| WHAT YOU ARE ASKED TO DO |
In the records below, find the line containing "Il y a aussi" and repeat it and every line after it exactly, without pictures.
START DATA UNDER STUDY
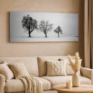 Die Leinwand wird über den Rahmen gespannt. Die Seiten und Kanten werden gedruckt, um das Bild fortzusetzen. Das Bild ist fertig zum Aufhängen an der Wand. Jedes Produkt hat einen am Rahmen befestigten Anhänger und ein Montageset (Schraube + Stift).
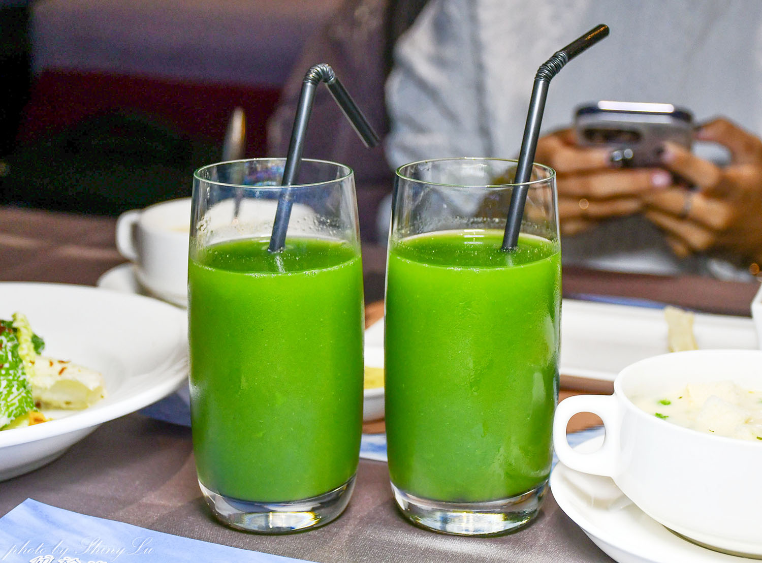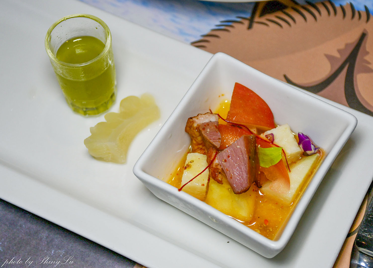 這是店家自製的五葉松汁,口感就是滿滿的蔬菜味,但不會過於青澀,吃飽來一杯很解膩
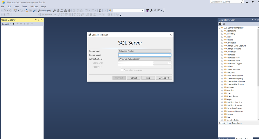 처음 SSMS을 실행시키면 아래와 같이 SQL 서버에 연결하는 창이 뜬다. 서버 이름에 아무것도 뜨지 않는 게 정상이다.
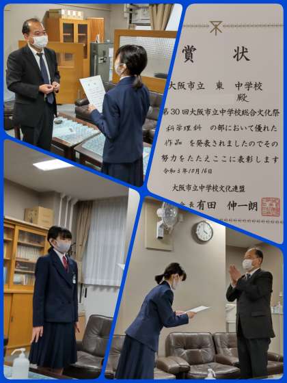 放課後の校長室では、第30回大阪市中学校総合文化祭『科学理科の部』で優秀な作品を発表した本校生徒への表彰式が行われました。
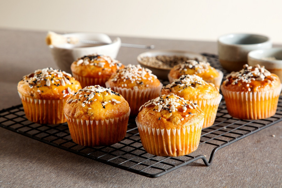 Όταν δεις πως είναι έτοιμα, τα αφαιρείς από τον φούρνο, ξεφορμάρεις και περιμένεις να κρυώσουν. Στο ενδιάμεσο, ζεσταίνεις το μέλι και το περιχύνεις στα muffins. Ως toppings πασπαλίζεις το σουσάμι και τον υπόλοιπο ηλιόσπορο. Και τόσο απλά τις ένα τέλειο dessert.
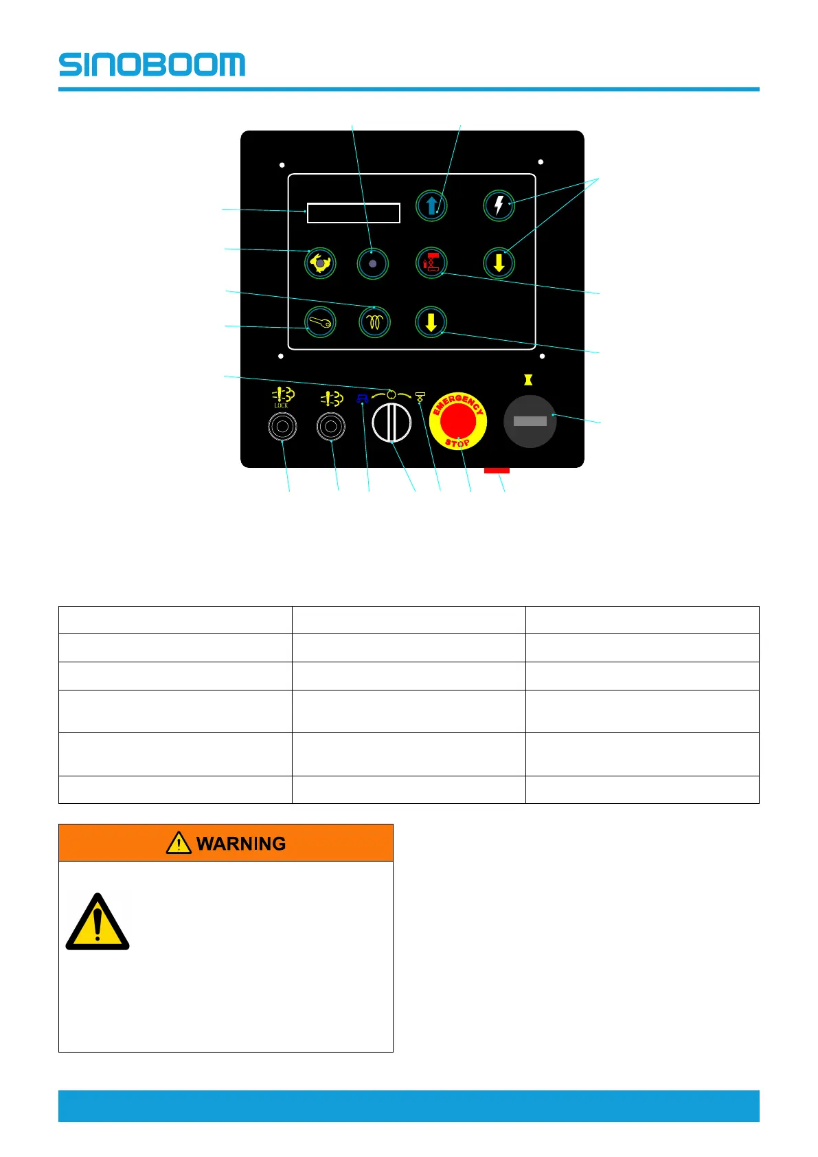 6. Ground position 12. Platform up switch 18. Glow plug switch
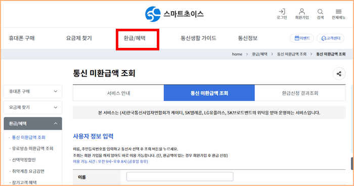스마트초이스> 환급/혜택> 통신 미환급액 조회
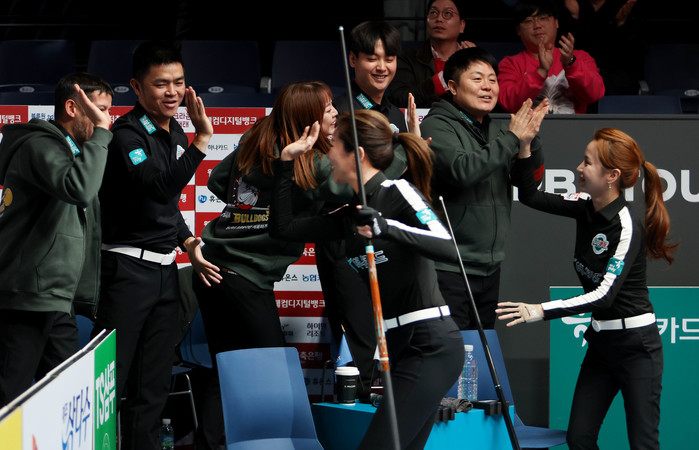 이후 하나카드는 3세트서 신정주가 레펀스에 10:15(6이닝), 김병호와 사카이 아야코(일본)가 조건휘-강지은에 7:9(9이닝)로 내리 패하며 세트스코어 1:3까지 몰렸다. 그러나 5세트에 나선 초클루가 강동궁에 11:6(5이닝)으로 승리하며 추격 발판을 마련했고, 이어 김가영이 6세트서 히다 오리에를 9:4(8이닝)로 물리치며 세트스코어 3:3, 7세트로 돌입했다. 결국 하나카드는 7세트서 ‘베트남 특급’ 응우옌꾸옥응우옌이 응오딘나이(베트남)를 맞아 하이런 7점을 쓸어 담는 활약으로 3이닝만에 11:8로 승리, 세트스코어 4:3 대역전 승리를 완성했다.
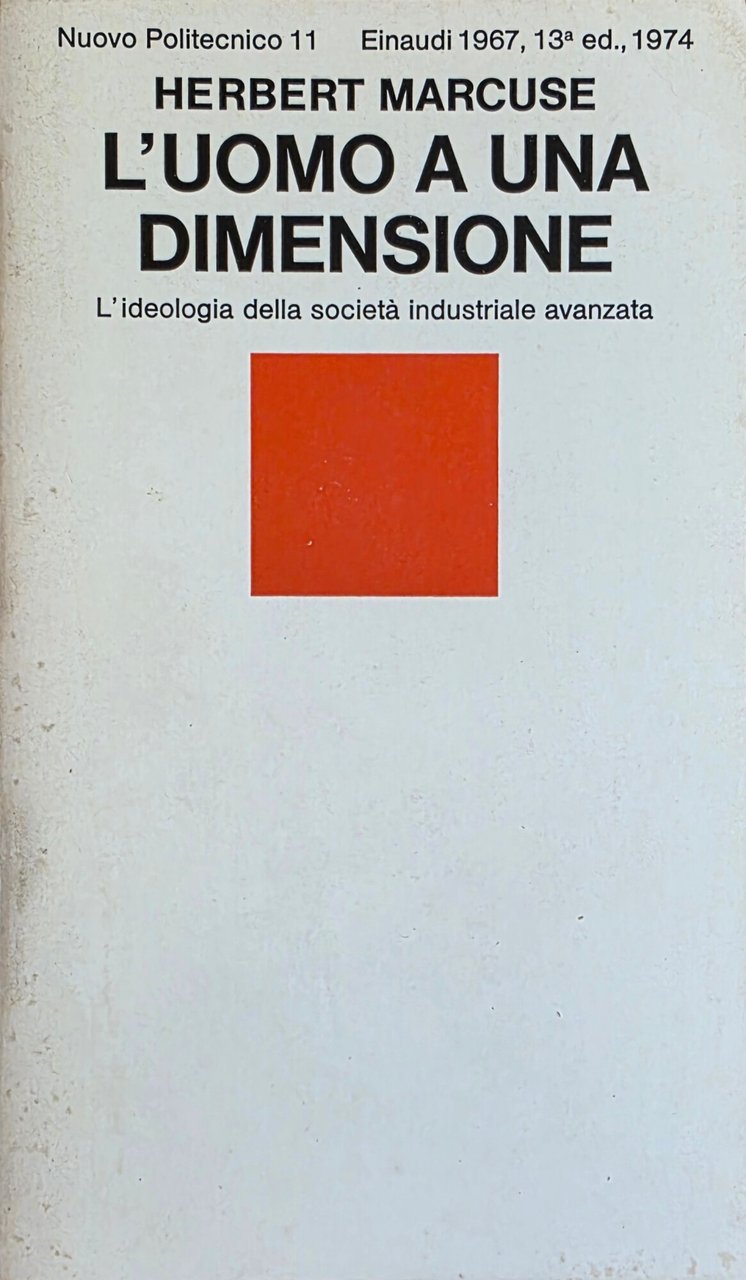 L' UOMO A UNA DIMENSIONE. L' IDEOLOGIA DELLA SOCIETÀ INDUSTRIALE AVANZATA | Libri antichi e moderni | MARCUSE HERBERT, ,MARCUSE HERBERT
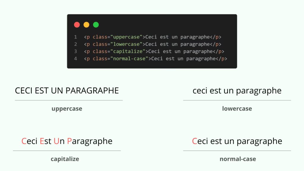 Il y a aussi une autre propriété CSS qui permet de forcer les majuscules: text-transform. Elle peut prendre ces valeurs : capitalize, uppercase, lowercase, none. La propriété letter-spacing permet de spécifier l'espacement entre les caractères du texte.
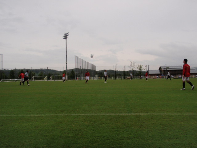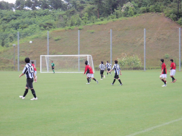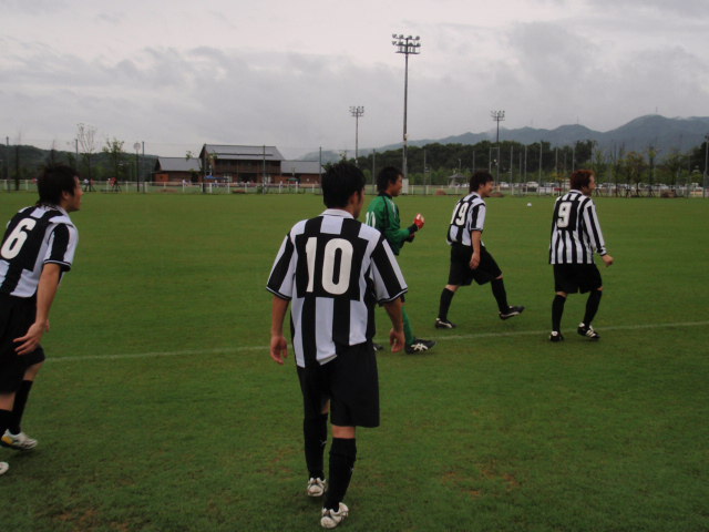 今日は朝から昨日とは全く違った天気で、雨が降り続いていました(%ショック男%)(%雨%) 本来なら雨になるとテンションも下がって嫌なものですが、この北播が誇る三木防災公園は芝生なので雨になっても下が濡れるだけでしっかりとサッカーが出来るすばらしい環境があります(%笑う男%)(%王冠%) またそれに加えて天然芝での試合だったので水たまりもない状態だったのでとてもありがたいと思いました(%笑う男%)(%音符2%)
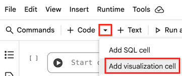 In the toolbar, to add a visualization cell, click the Insert code cell options menu and select Add visualization cell.
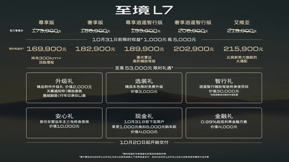 最后来看价格,至境L7一共推出了五个版本,分别是:
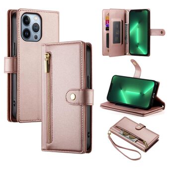 For iPhone 13 Pro Max Solid Color Zipper 11-Card Slots Bag Phone Case with Lanyard(Rose Gold)
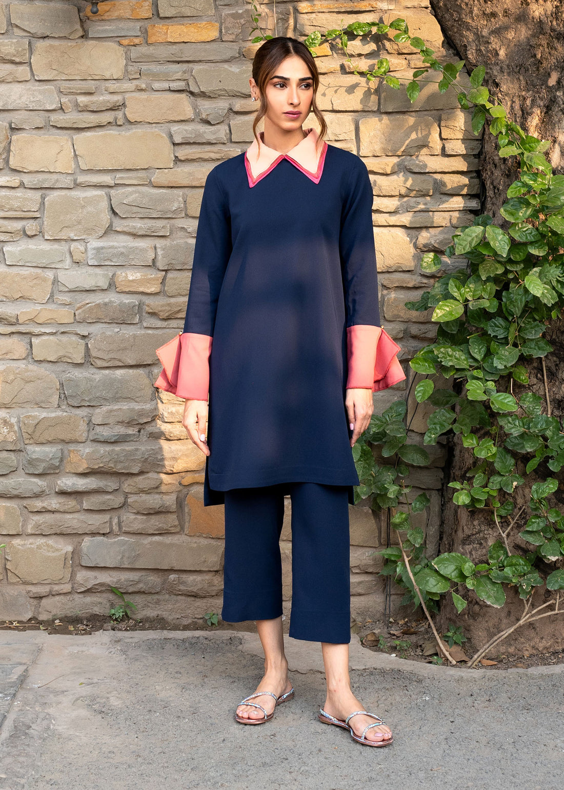 Fuse cultural elegance with our luxurious velvet tunic and tapered trouser set. The drop-down shirt...
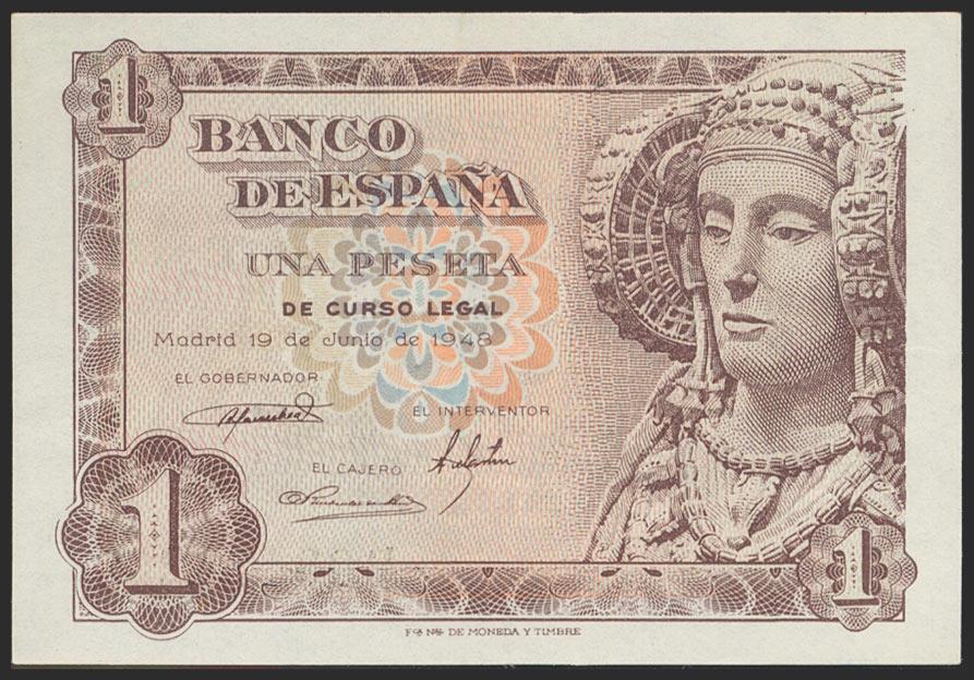 English 1 peseta. June 19, 1948. Series B. (Edifil 2021: 457a). Original sizing. Almost Uncirculated.
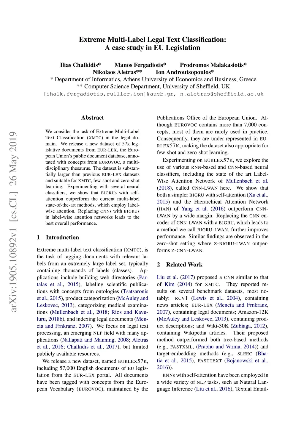 We consider the task of Extreme Multi-Label Text Classification (XMTC) in the legal domain. We release a new dataset of 57k legislative documents from EURLEX, the European Union's public document database, annotated with concepts from EUROVOC, a multidisciplinary thesaurus. The dataset is substantially larger than previous EURLEX datasets and suitable for XMTC, few-shot and zero-shot learning. Experimenting with several neural classifiers, we show that BIGRUs with self-attention outperform the current multi-label state-of-the-art methods, which employ label-wise attention. Replacing CNNs with BIGRUs in label-wise attention networks leads to the best overall performance.
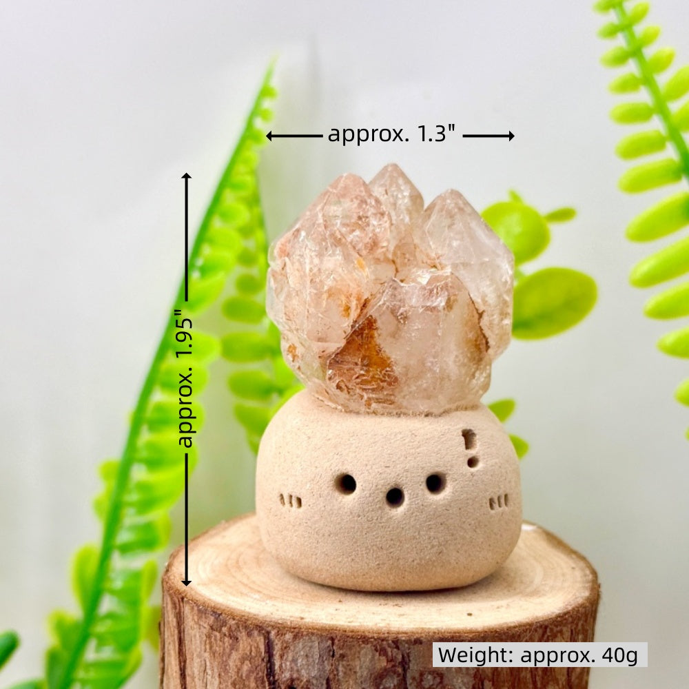 3. You may gently apply a small amount of essential oil to the crystal, but please avoid getting any oil on the clay surface or base. Do not soak or completely cover the crystal in oil.
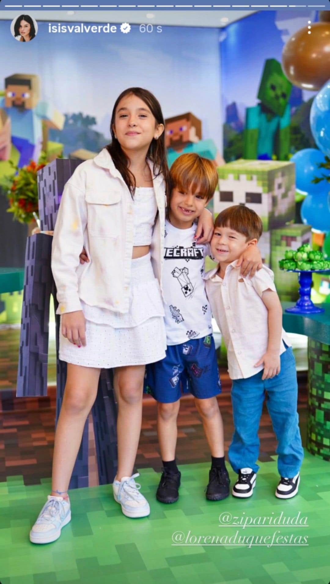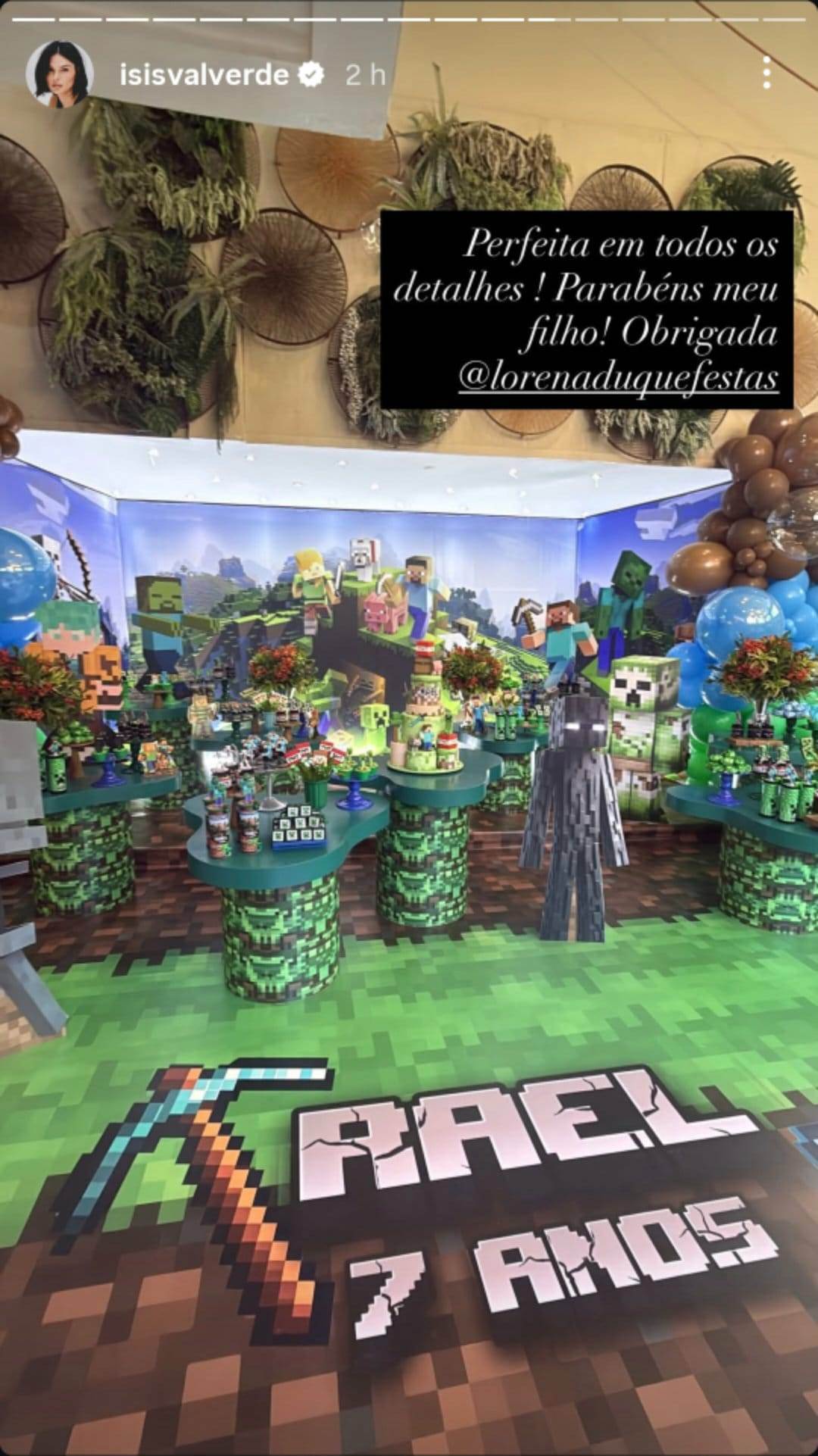 No chão, o nome de Rael foi gravado e o aniversariante apareceu usando um look inspirado no jogo eletrônico. Isis Valverde postou algumas fotos da festa e apareceu em um clique ao lado do filho.
END DATA UNDER STUDY
| SOLUTION FOR THIS TASK |
 Il y a aussi une autre propriété CSS qui permet de forcer les majuscules: text-transform. Elle peut prendre ces valeurs : capitalize, uppercase, lowercase, none. La propriété letter-spacing permet de spécifier l'espacement entre les caractères du texte.
 今日は朝から昨日とは全く違った天気で、雨が降り続いていました(%ショック男%)(%雨%) 本来なら雨になるとテンションも下がって嫌なものですが、この北播が誇る三木防災公園は芝生なので雨になっても下が濡れるだけでしっかりとサッカーが出来るすばらしい環境があります(%笑う男%)(%王冠%) またそれに加えて天然芝での試合だったので水たまりもない状態だったのでとてもありがたいと思いました(%笑う男%)(%音符2%)
 In the toolbar, to add a visualization cell, click the Insert code cell options menu and select Add visualization cell.
 最后来看价格,至境L7一共推出了五个版本,分别是:
 For iPhone 13 Pro Max Solid Color Zipper 11-Card Slots Bag Phone Case with Lanyard(Rose Gold)
 Fuse cultural elegance with our luxurious velvet tunic and tapered trouser set. The drop-down shirt...
 English 1 peseta. June 19, 1948. Series B. (Edifil 2021: 457a). Original sizing. Almost Uncirculated.
 We consider the task of Extreme Multi-Label Text Classification (XMTC) in the legal domain. We release a new dataset of 57k legislative documents from EURLEX, the European Union's public document database, annotated with concepts from EUROVOC, a multidisciplinary thesaurus. The dataset is substantially larger than previous EURLEX datasets and suitable for XMTC, few-shot and zero-shot learning. Experimenting with several neural classifiers, we show that BIGRUs with self-attention outperform the current multi-label state-of-the-art methods, which employ label-wise attention. Replacing CNNs with BIGRUs in label-wise attention networks leads to the best overall performance.
 3. You may gently apply a small amount of essential oil to the crystal, but please avoid getting any oil on the clay surface or base. Do not soak or completely cover the crystal in oil.
 No chão, o nome de Rael foi gravado e o aniversariante apareceu usando um look inspirado no jogo eletrônico. Isis Valverde postou algumas fotos da festa e apareceu em um clique ao lado do filho.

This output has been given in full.